Rektor di Pekanbaru Lempar Disertasi 250 Lembar ke Mahasiswi S3

Kekerasan-terhadap-Perempuan.jpg
(RIAUONLINE.CO.ID/FAKHRURRODZI)

RIAU ONLINE, PEKANBARU - Oknum rektor perguruan tinggi negeri swasta terkemuka di Provinsi Riau, dilaporkan seorang dosen yang juga mahasiswa S3 ke Polda Riau.

Dalam laporannya ke Polisi, oknum rektor berinisial Dr MR tersebut, diduga telah melemparkan disertasi setebal 250 halaman serta mengeluarkan kalimat tidak pantas, ketika mahasiswa tersebut meminta tanda tangan persetujuan untuk menguji.

Laporan itu saat ini ditangani Direktorat Kriminal Umum Kepolisian Daerah Riau. Kepala Bidang Humas Polda Riau, Kombes Pol Sunarto di Pekanbaru, Minggu membenarkan adanya laporan tersebut.

"Iya ada laporannya. Nanti saya tanyaka ke Pak Dir (Direktur Kriminal Umum) kelanjutannya," kata Sunarto, Senin, 10 Desember 2018.

Sementara itu, korban atas nama Komala Sari (35), menjelaskan, insiden hingga kini mengganggunya dalam meraih gelar Doktor bidang Ilmu Lingkungan itu terjadi pada awal Oktober 2018 lalu.

Insiden berawal ketika Komala bermaksud meminta tanda tangan sang rektor berinisial MR di ruangannya. MR sendiri merupakan salah satu dari tujuh penguji disertasi yang ia susun.

Namun, MR hingga saat itu satu-satunya penguji nomor empat yang belum memberikan persetujuan uji disertasinya.

Keduanya lantas bertemu di ruangan sang rektor, sekitar pukul 14.00 WIB, 1 Oktober 2018. Pada saat membahas disertasi, topik pembahasan justru melebar ke perjanjian kontrak kerjasama antara MR dan Komala.

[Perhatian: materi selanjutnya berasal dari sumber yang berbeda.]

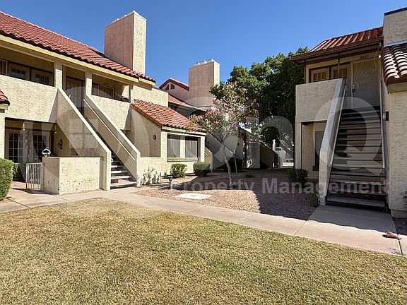 Step inside this 867 SQ FT, 2 bedroom, 1 bath two-story townhome in Mesa's desirable Ramblewood neighborhood, freshly maintained and move-in ready. The charming kitchen features included appliances: stove/oven, refrigerator, dishwasher, and microwave, complemented by functional cabinetry and an efficient layout ideal for everyday cooking. Sunlight fills the inviting living areas, highlighting tile flooring and an open-concept flow perfect for entertaining or relaxing at home. A versatile loft or common area provides extra space for a home office or playroom. The primary suite boasts a walk-in closet and ample natural light, while the secondary bedroom is comfortably sized with generous storage. Laundry is convenient with included washer and dryer, plus a whole-home AC unit enhances comfort year-round. Parking includes a covered carport for one vehicle and numerous nearby unassigned spaces for guests. Outside, enjoy a low-maintenance yard perfect for summer barbecues or pets, along with a charming patio for outdoor living. Nestled in Ramblewood, this community offers a pool and biking/walking trails, with easy access to schools, parks, shopping, dining, and major routes, making everyday life both convenient and enjoyable.
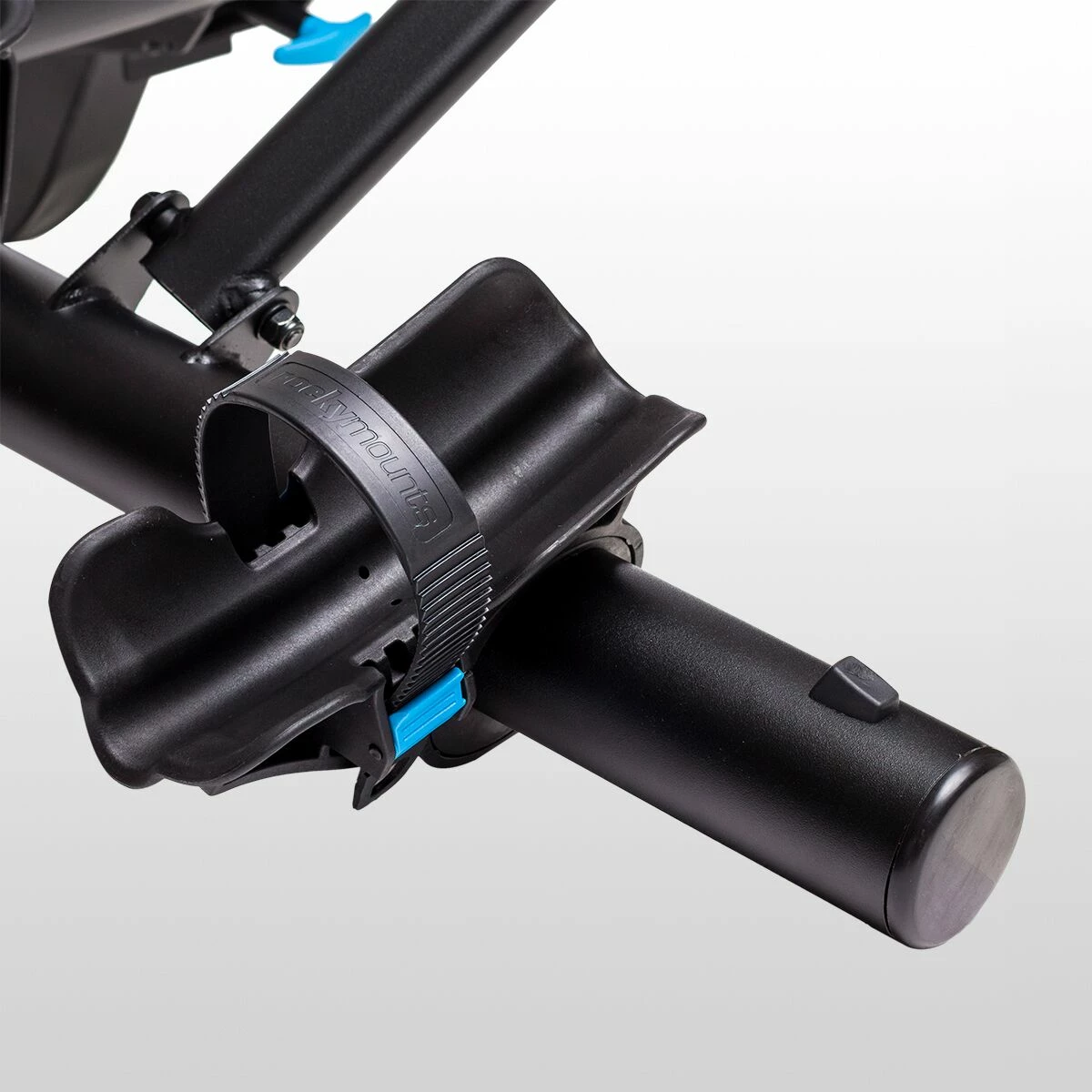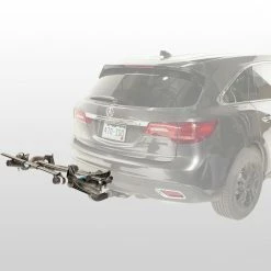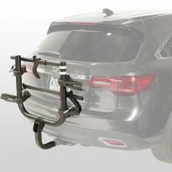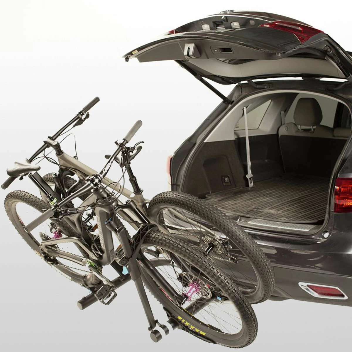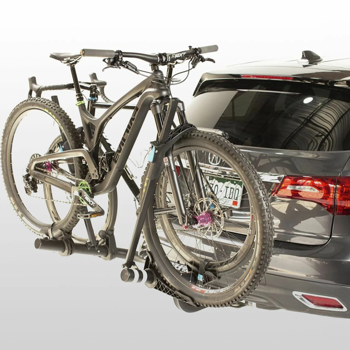 As wallet-friendly as it is feature-filled, the RockyMounts WestSlope 2-Bike Hitch Rack gets you and your friend’s bikes safely from the garage to the trailhead with quick, secure, and hassle-free convenience. Living up to its name, this rack’s frame body is sloped to create a tiered mounting arrangement that ingeniously eliminates handlebar interference between the bikes. By using a soft-touch wheel hook and a ratcheted swing arm, the WestSlope provides a secure fit without any harmful contact between your bikes and car. Plus, the rack folds flat against the vehicle when not in use, and tilts down 30 degrees to allow for easy hatch access to your gear.
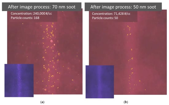 The image information collected in particle detecting videos can be further converted to quantitative information through an image processing code based on a simple contour detection [14]. Figure 6a,b show the results after the quantitative information was extracted from the videos detecting 70 and 50 nm soot particles, respectively. As shown in the photos, the particles identified by the code are highlighted with a yellow outline. The observation volume is determined by the size of the beam and its length in the picture. The count of identified particles in the observation volume and the volume itself are then used to calculate the particle number concentration. The particle count and number concentration are presented near the top-left corner in each processed image. It is quite difficult to see the detected 50 nm particles by eye in the original video. By highlighting the identified particles in the processed video, the detected particles become more visible, as shown in Figure 6b. However, there are some discrepancies between the actual particle concentration and the measured particle concentration calculated using the identified particle counts. For example, the particle concentration converted from the video could be overestimated if the contours of identified particle images are not perfectly described, especially for large particles, or underestimated if the particle identification ratio is low, especially for small particles. The quality of image processing has an important influence on the identification accuracy of particle concentration.
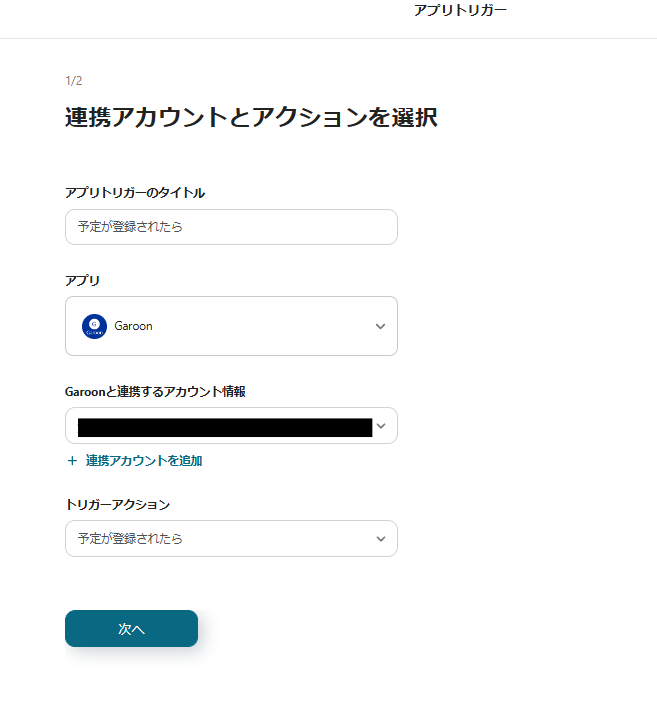 タイトルと連携するアカウント情報を任意で設定し、トリガーアクションはテンプレート通りに「予定が登録されたら」のまま「次へ」をクリックして進んでください。

"Ketika membahas itu tiba-tiba beliau melempar disertasi saya setebal 250 lebih halaman hingga mengenai tangan saya," ujarnya yang dilanjutkan oknum rektor itu sempat mengeluarkan kalimat kasar "Binatang tidak bermoral" kepada dirinya.

Komala menduga keributan itu dipicu dari pembahasan kerjasama keduanya beberapa waktu lalu. Dia sedikit menjelaskan bahwa kerjasama itu dilakukan antara dirinya dengan kampus yang dipimpin MR untuk menyelenggarakan kegiatan pelatihan kepada mahasiswa selama 2 tahun.

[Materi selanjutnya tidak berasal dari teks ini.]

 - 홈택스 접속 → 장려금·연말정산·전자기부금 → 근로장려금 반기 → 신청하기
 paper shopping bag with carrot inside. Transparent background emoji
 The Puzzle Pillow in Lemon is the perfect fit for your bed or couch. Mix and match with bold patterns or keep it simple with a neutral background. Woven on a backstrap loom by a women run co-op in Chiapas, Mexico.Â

Belakangan, kontrak kerjasama itu diputus begitu saja tanpa ada pemberitahuan dan alasan yang jelas.

"Pada saat dia melempar disertasi saya dan mengatakan kalimat itu disaksikan Pembantu Rektor I," ujarnya.

Atas kejadian itu, korban selanjutnya melaporkan MR yang merupakan pimpinan Universitas Muhammadiyah Riau ke Polda Riau dengan tuduhan tindak pidana penganiayaan dan atau penghinaan seperti yang diatur dalam Pasal 315 atau 352 KUHPidana. Laporan itu diterima Polda Riau pada 3 Oktober 2018, atau satu hari pasca kejadian.

"Senin (hari ini) saya akan kembali menjalani pemeriksaan untuk yang kedua," ujarnya.

Selain membuat laporan ke Polda Riau, Komala juga membuat laporan ke Ombudsman RI perwakilan Riau, terkait pelayanan publik di perguruan tinggi yang ia jalani.